**Problem statement**
Every line of the listing below from the one with "Another precious picture: Aunt" up to and including the one with "Digital Sheet Music" should be retyped exactly, and nothing else; pictures are not part of the copy.
Segment Open
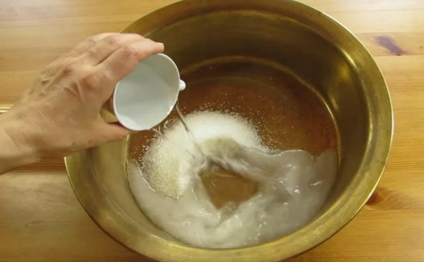 Заздалегідь зробіть цукровий сироп. Для його приготування потрібно змішати воду та цукор, варити на повільному вогні 15-20 хвилин.![]()
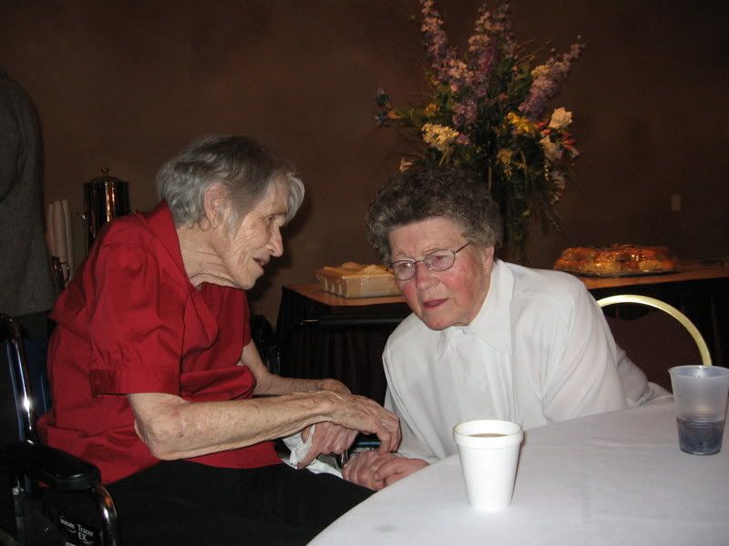 Another precious picture: Aunt Mae talking with Aunt Anita, Uncle Bill’s (and my late grandpa’s) youngest sister. Anita is also the last living member of the Stegmann brothers and sisters. I bet Mae and Anita are really feeling lonely today.
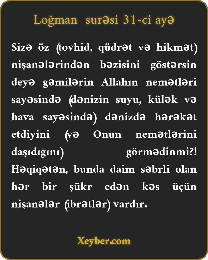 Sizə öz (tovhid, qüdrət və hikmət) nişanələrindən bəzisini göstərsin deyə gəmilərin Allahın nemətləri sayəsində (dənizin suyu, külək və hava sayəsində) dənizdə hərəkət etdiyini (və Onun nemətlərini daşıdığını) görmədinmi?! Həqiqətən, bunda daim səbrli olan hər bir şükr edən kəs üçün nişanələr (ibrətlər) vardır.
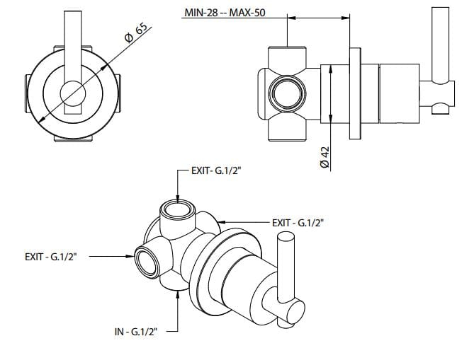 Deviatore a 3 uscite (1 entrata - 3 uscite) della collezione T Lever.
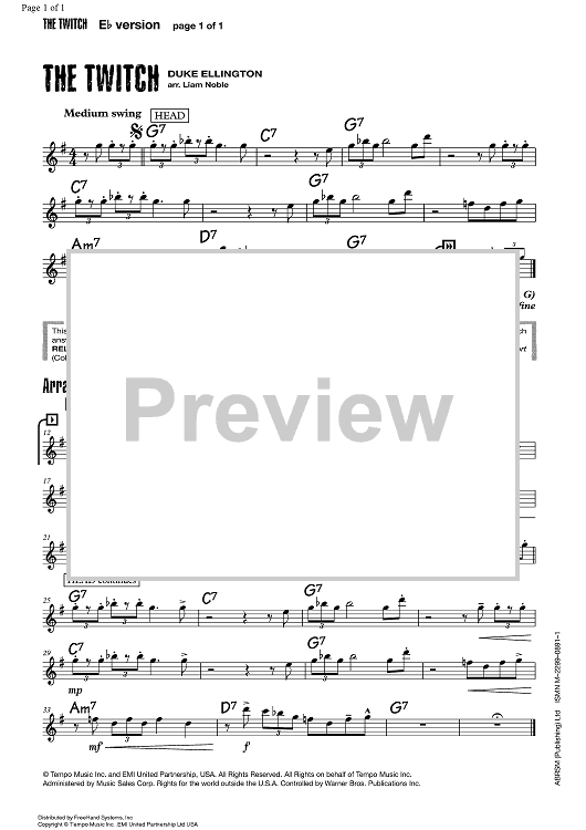 Digital Sheet Music for The Twitch by , Duke Ellington, Liam Noble scored for E-flat Lead Sheet; id:355582
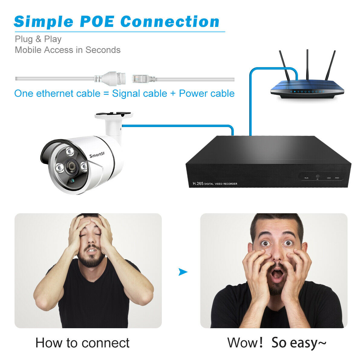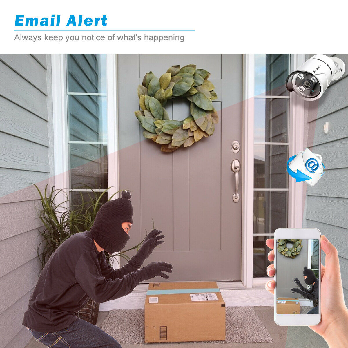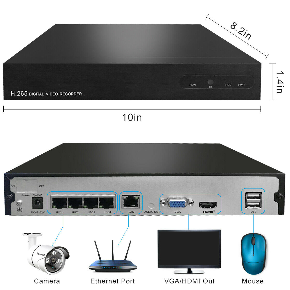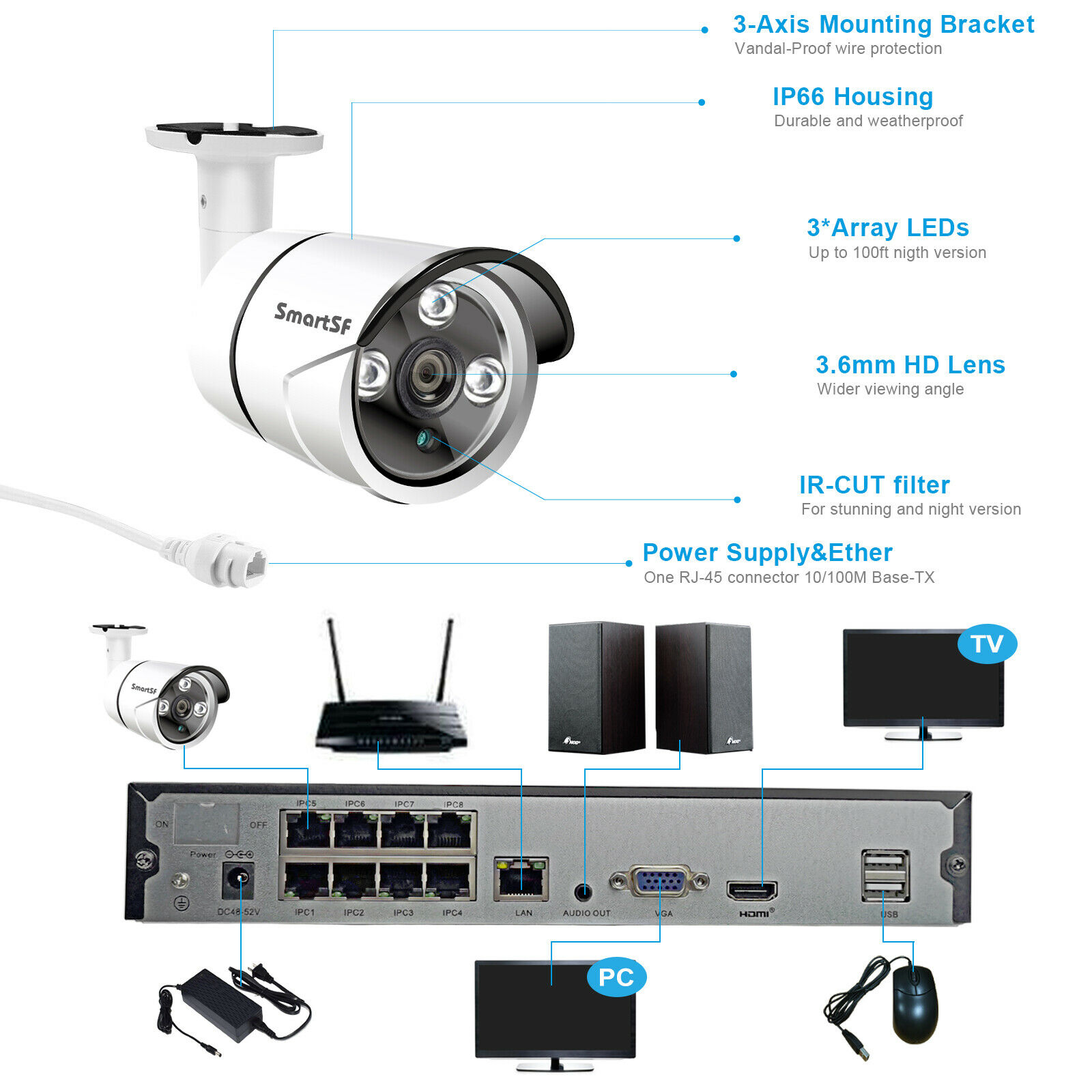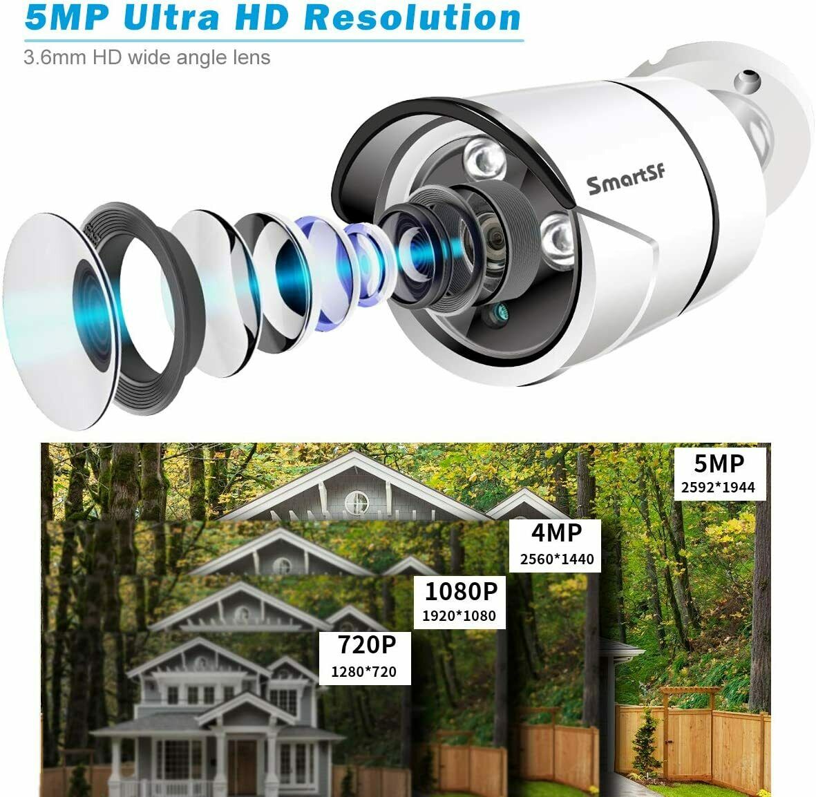 SmartSF 8 Channel 5-Megapixels 2560*1920P Outdoor PoE IP Security Camera System Features: 【Super HD 5-Megapixel High Resolution】 5.0MP IPG5520-F with a pixel resolution of 2560x1920, that is, nearly 2.4X the resolution of 1080p Full HD, and even 1.3X the resolution of 1440p. It sees and records your home security more clearly, with more details. 【Excellent Night Vision, Up to 100ft】 Great cameras aren't just measured by images in daytime. SmartSF 5.0MP security camera kit stands out for its incredibly excellent images at night. Infrared LEDs enable long night vision distance (up to 100ft). Captures crystal clear video evidence of theft and vandalism that occur in low-light conditions. Reliable Solution for Home, Business and Projects. 【Waterproof Works Perfectly Outdoor/Indoor】 The 4 Bullet cameras 5.0MP IPG5520-F have solid aluminum bodies and housing, with an IP66 waterproof rating. So you can feel free to install them outdoors, like in your garage, backyard, or anywhere else. It can stand harsh weather conditions, including rain, snow, intense cold and heat. Rain or shine, hot or cold, these cameras never quit. 【PoE–Easy Setup, Eve n for a Beginner 】 A real plug and play security system! It features PoE (Power over Ethernet), with a single network cable connecting each IP camera to the NVR for both power supply and video signal transmission. Easy wiring – the wiring process can’t be simpler for DIY enthusiasts and beginners. 【Remote Viewing, Anytime, from Anywhere】 No matter where you are, you can remotely access the security camera to see live streaming and stay connected. Remotely view the IP camera via free “IP Pro” App on your mobile device, free “E-see Net” CMS Client on your computer, web browser. Even when you are in your office or travelling, you can check what's happening to your home/business on the go. PoE Network Video Recorder Specifications: IP Video Input: supports 4 IP cameras Video Output: Monitor or HDTV via VGA, HDMI Compression Format: H265+, H.265 and H.264 Playback: 4 cameras play simultaneously HDD: Not included HDD Capacity: 1x internal SATA port, up to 6TB Power over Ethernet Sockets: RJ45 x 4 USB Port: 2x USB 2.0 (mouse control, backup, firmware upgrade) Remote Access: iPhone, Android Phone, Windows PC PoE IP Camera Specifications: Image Sensor: 1/2.8" CMOS Sensor Effective Pixels: 2560 x 1920 (5.0 Megapixels) Frame Rate: Main Stream@25fps, Sub Stream@6fps Day & Night Vision: Auto / Color / BW Output Interface: RJ45 Operating temperature: Up to +60℃ What’s In Box: 1x 8CH 5MP NVR 1x 4pcs 5MP cameras 1x USB mouse 1x DC 48V3A power supply for NVR 4x 18m network video cable for IPC 4x Screw kit for IPC installation 1x User manual
Segment Closed
**Reply to the task**
 Another precious picture: Aunt Mae talking with Aunt Anita, Uncle Bill’s (and my late grandpa’s) youngest sister. Anita is also the last living member of the Stegmann brothers and sisters. I bet Mae and Anita are really feeling lonely today.
 Sizə öz (tovhid, qüdrət və hikmət) nişanələrindən bəzisini göstərsin deyə gəmilərin Allahın nemətləri sayəsində (dənizin suyu, külək və hava sayəsində) dənizdə hərəkət etdiyini (və Onun nemətlərini daşıdığını) görmədinmi?! Həqiqətən, bunda daim səbrli olan hər bir şükr edən kəs üçün nişanələr (ibrətlər) vardır.
 Deviatore a 3 uscite (1 entrata - 3 uscite) della collezione T Lever.
 Digital Sheet Music for The Twitch by , Duke Ellington, Liam Noble scored for E-flat Lead Sheet; id:355582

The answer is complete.